Building clean docker images

I’ve been doing some experiments recently with ways to build docker images. As a test bed for this I’m building an image with the Gtk+ Broadway backend, and some apps. This will both be useful (have a simple way to show off Broadway) as well as being a complex real-world use case.

I have two goals for the image. First of all, building of custom code has to be repeatable and controlled, Secondly, the produced image should be clean and have a minimal size. In particular, we don’t want any of the build dependencies or intermediate results in any layer in the final docker image.

The approach I’m using involves using a build Dockerfile, which installs all the build tools and the development dependencies. Inside this container I build a set of rpms. Then another Dockerfile creates a runtime image which just installs the necessary runtime rpms from the rpms built in the first container..

However, there is a complication to this. The runtime image is created using a Dockerfile, but there is no way for a Dockerfile to access the files produced from the build container, as volumes don’t work during docker build. We could extract the rpms from the container and use ADD in the dockerfile to insert the files into the container before installing them, but this would create an extra layer in the runtime image that contained the rpms, making it unnecessarily large.

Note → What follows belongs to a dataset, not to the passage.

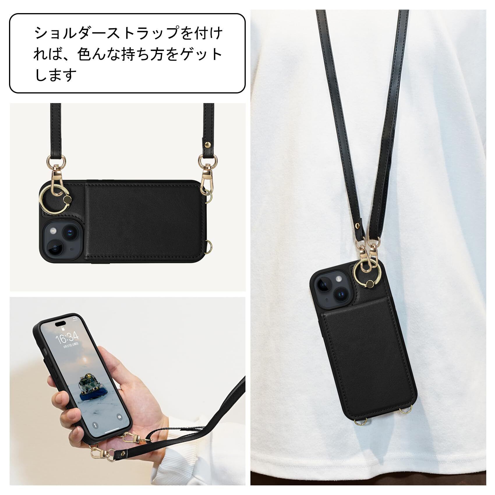 対応 iPhone 15 ケース 背面 手帳型 カードケース iPhone15 用 手帳型ケース 背面ケース ショルダー ストラップ PUレザー 肩掛け カード収納 斜め掛け スタンド いphone 15 アイホン あいほん 15 用 可愛い 人気 おしゃれ アイフォン あいふぉん 15 用 財布型 首掛け マグネット 調節可能 ICカード収納 6.1inch ブラック

To solve this I made the build container construct a yum repository of all the built rpms, and then when starts lighttp, exporting it. So, by doing:

docker build -t broadway-repo
docker run -d -p 9999:80 broadway-repo

I get a yum repository server at port 9999 that can be used by the
second container. Ideally we would want to use
docker links to get access to the build container, but unfortunately links don’t work with docker build. Instead we use a hack in the Makefile to
generate a yum repo file with the host ip address and add that to the
container.

Here is the Dockerfile used for the build container. There are are some interesting things to notice in it:

  • Instead of starting by adding all the source files we add them one by one as needed. This allows us to use the caching that docker build does, so that if you change something at the end of the Dockerfile docker will reuse the previously built images all the way up to the first line that has changed.
  • We try do do multiple commands in each RUN invocation, chaining them together with &&. This way we can avoid the current limit of 127 layers in a docker image.
  • At the end we use createrepo to create the repository and set the default command to run lighttp on the repository at port 80.
  • We rebuild all packages in the Gtk+ stack, so there are no X11 dependencies in the final image. Additionally, we strip a bunch of dependencies and use some other tricks to make the rpms themselves a bit smaller.

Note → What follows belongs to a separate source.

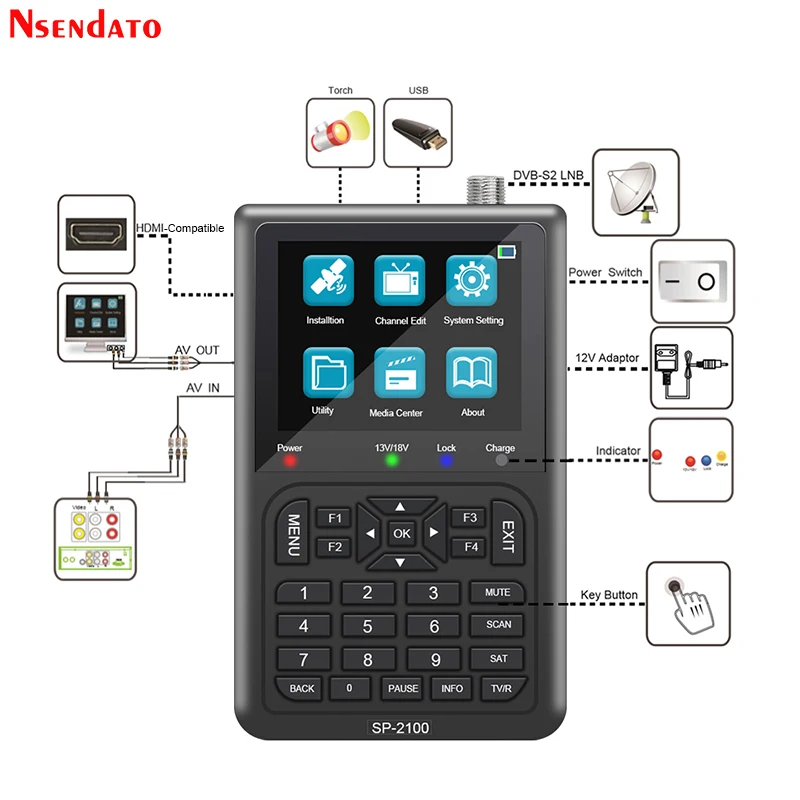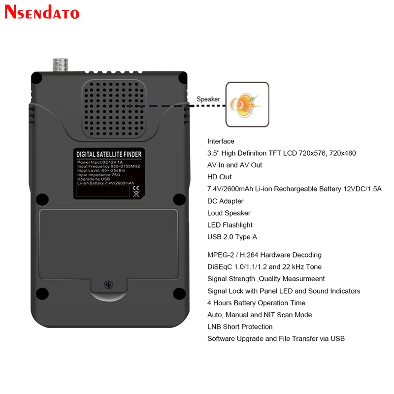 Descripción:SP-2100 es un medidor de satélite portátil compatible con DVB-S/S2 y MPEG-2/4 H.264.Con su tamaño compacto, peso liviano, interfaz de usuario intuitiva, largas horas de funcionamiento de la batería y un rico conjunto de funciones, el medidor proporciona todas las funciones necesarias para la instalación y verificación del servicio de televisión digital por satélite a hogares residenciales o unidades de vivienda múltiple.Características:MPEG-2 / H.264 Decodificación de hardwareCálculo automático del ángulo de AZ, ELDiSEqC 1,0/1.1/1,2 y 22 kHz TonoMedición de intensidad y calidad de la señal4 horas de funcionamiento de la bateríaModo de escaneo automático, ciego, manual y NITProtección contra cortocircuitos LNBActualización de software y transferencia de archivos vía USBInterfaz:Pantalla LCD TFT de alta definición de 3,5 pulgadas 720x576, 720x480Entrada AV y salida AVSalida HDBatería recargable de iones de litio de 7,4 V/2600 mAh

Here is the Dockerfile for the runtime container. It installs the required rpms, creates a user and sets up an init script and a super-simple panel/launcher app written in javascript. We also use a simple init as pid 1 in the container so that process that die are reaped.

Here is a screenshot of the final results:

Broadway

You can try it yourself by running “docker run -d -p 8080:8080 alexl/broadway” and loading http://127.0.0.1:8080 in a browser.

3 Responses to “Building clean docker images”

  1. Will Manley says:

    Thanks for the post. I’ve been struggling with the same kinds of issues when creating a Dockerfile for my project[1]. I’ve used a single RUN command to install all my build dependencies, build my software and then uninstall the build dependencies afterwards so there are no intermediate containers with the build artefacts in.

    Unfortunately, as you’ve said above, I have to add my sources separately so there is still an intermediate container with my sources in wasting space. My solution also isn’t as nice as yours as there isn’t as strong a separation of build environment from runtime environment.

    The reason I’ve had to do it this way is that I’m taking advantage of dockers “trusted builds”, so all the steps have to be in the Dockerfile.

    It would be great if Dockerfiles would give you more control over this. Perhaps they could allow multiple FROM statements which would reset the container back to pristine state, but preserving specific files. Or perhaps an explicit COMMIT command would be useful or a SQUASH command to squeeze intermediate images together.

    [1]: https://github.com/wmanley/stb-tester/blob/docker/Dockerfile

  2. Will:

    If you can do all the “install deps; build; remove deps” in a single RUN that works, but its kind of painful to maintain, and you never get docker advantages like caches of partially built state. Its pretty painful.

    I’ve got a docker PR to implement squashing layers: https://github.com/dotcloud/docker/pull/4232
    This, especially with some integration of it with dockerfiles should make this a lot nicer.